Deep curiosity as if they’re listening to a story of creation.
Maybe I should be talking to an author instead.
And what do I really even have to say, that’s not been said?
“How do you feel?”
I don’t even believe these feelings are real. As if imaginary, inexperienced, therefore not in our vocabulary, nor understanding. Am I really real? Am I alive?
I have a sleep phobia now as my eyes feel like rocks, but I don’t want to go to sleep, this day cannot begin again, I can’t bear to feel anything anymore. I don’t want to dream because if I do, it’s like waking up in the middle of this one, even though I’m not asleep yet. It’s pain on either sides of my eyelids. I just want to stay awake so nothing shocks me awake.
I try to seek comfort from those who’ve lost an actual human being, someone so precious to them it feels like….everything. These people are my only hope. I want to take notes.
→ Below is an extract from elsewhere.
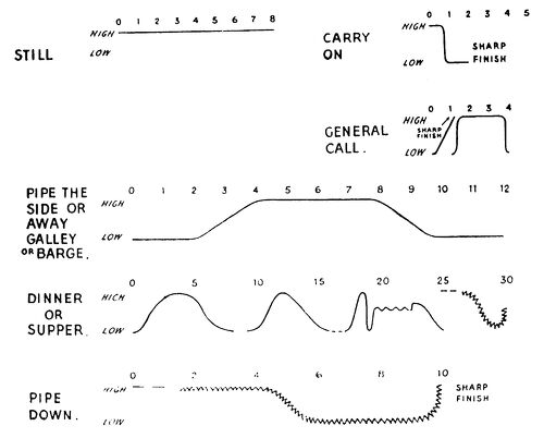 Many pipes, however, are orders in themselves and do not require any verbal addition afterwards; for instance, it is unnecessary to call "Hands to dinner" after the pipe "Dinner" even supposing you had enough breath left to do so after having made the pipe.

I have phobias of people stealing, robbing me of something I have. Almost as if I have guilt of having something, even if it’s nothing. This landslide ‘robbed’ me of everything I knew and was. I no longer think it has much spiritual significance, as I’ve already worked that, many lifetimes in this one. But the torture that unfolds, the PTSD, the surge of crying mania, horrifed at the rewounding by man’s unconsciousness is something I can’t begin to describe.
I feel like nothing is comprehensible, especially the human code.
I question every day if I’m really here – in-body?
Then I feel bad.
Those who did lose their human, would give everything to be able to question that, instead of re-injuring that inconvenient truth.
What did I lose? My privilege? My possessions? My livelihood? Who cares. I agree with them, not me.
But yet, this doesn’t bring me any closer to my answer.
I have lost everything tangible. But I do have my family, even though we just lost our matriarch. I have my husband and kids but I don’t want my gratitude to over flavor the taste of what I’m trying to bring up for myself.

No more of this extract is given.